Several years ago, Pennsylvania's lawmakers decided those white-stoned statues guarding the gates of liberty and freedom and justice were taking just a bit too much liberty in dangling their freedom for all to see. So they commissioned modern-day artists to plaster over the statues' private parts.
This year, Pennsylvania's lawmakers are involved in a new debate over a different kind of public exposure. As a result, they found themselves unwittingly exposed to other possibly offensive art: an anti-censorship activist attempting to regale them loudly with the naughty lyrics of number-one rapper and murder suspect Snoop Doggy Dogg during a debate over a new law that would outlaw selling recordings with warning labels to minors. This dispute has drawn the national attention and lobbying muscle of special interest groups and civil liberties advocates--and also splintered traditional liberals and fueled charges of racism from all sides.
Black-and-white "Parental Advisory: Explicit Lyrics" labels have been applied to albums by the recording industry itself for nearly a decade. But the labeling was only agreed to under public pressure, and with the understanding that the labels were informational, not a legal instrument to restrict sales. If this bill passes--and it seems likely to--it could change the ground rules not only in Pennsylvania, but in other states looking to follow suit.
Similar debates are already raging in at least four other states:
* In Washington state, the Harmful Material to Minors bill would create "adults only" sections in music stores, and keep minors out of concerts where "harmful recordings" were performed.
* In Louisiana, a $1,000 fine or six-month prison term could be handed down to violators of a proposed bill that would prohibit the sale or distribution of "lyrics harmful to minors," with a minor defined as an unmarried person under the age of 17.
* In New York, a bill proposed in March would prohibit the sale of music to minors with lyrics describing, advocating, or glamorizing suicide, sodomy, rape, incest, bestiality, sadomasochism, adultery, murder, violent racism, religious violence, morbid violence, or the illegal use of drugs or alcohol.
* And in New Mexico, a bill currently in the state House's Judiciary Committee would make it illegal to expose minors to violent or sexually explicit material through media including pictures, sculptures, film, and music.
Such laws would be a serious blow to First Amendment rights. But beyond the legal and constitutional problems are more difficult questions about racism, the social responsibility of the megamillion-dollar recording industry, and the ever-increasing violence that plagues America's city streets and the teenagers who hang out there.

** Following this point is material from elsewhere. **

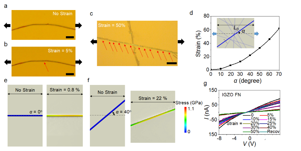 金属氧化物(MO)半导体(例如IGZO,SnO2,ZnO)和导体(ITO,FTO)等已被大规模成熟的应用在显示器,触摸屏和传感器等领域。从而证明了其在多个方面比上述材料显示出更加优异和稳定的性能。但是,可以维持最大断裂水平约1%的块状金属氧化物本质上很难拉伸到WEST所需的应变程度。

Afloor vote on the Pennsylvania bill is expected sometime this fall in the state House of Representatives. It sailed through the Judiciary Committee 15-6 in February, and it can probably pass on the floor with the same margin of popularity.
The law, if passed, would create two new crimes in Pennsylvania. First, it would make it a crime for any store owner to knowingly sell a tape or compact disc with a parental warning label on it to anyone under 18 years old, unless the minor's parents were present. It would also make it a crime for a minor to misrepresent himself or herself as being 18 years old in order to buy music with a warning label. Anyone who sells the music to a minor would owe a $25 fine for the first offense and a $100 fine for each subsequent offense. Minors caught buying the music would be forced into 10 hours of community service.
Democratic state Rep. T.J. Rooney, the prime sponsor of the bill, says the measure would help curb "youth violence that is undoubtedly fueled by the type of irresponsible stuff they hear in these recordings....I'm not dumb enough or naive enough to believe if this bill passes it will solve all our problems. But it's got to be part of the larger discussion."
The discussion isn't just about whether any restriction of music sales is right. A larger question is: What music is being labelled, and who does the labeling?
"All the talk about this being unconstitutional is a bunch of crock," says Rooney. The Constitution safeguards the public against governmental powers. Since the state would have nothing to say about which recordings get slapped with a label, the state would not be acting as a censor, he says. "It just drives the record industry nuts because we're using their own standards," Rooney chuckles.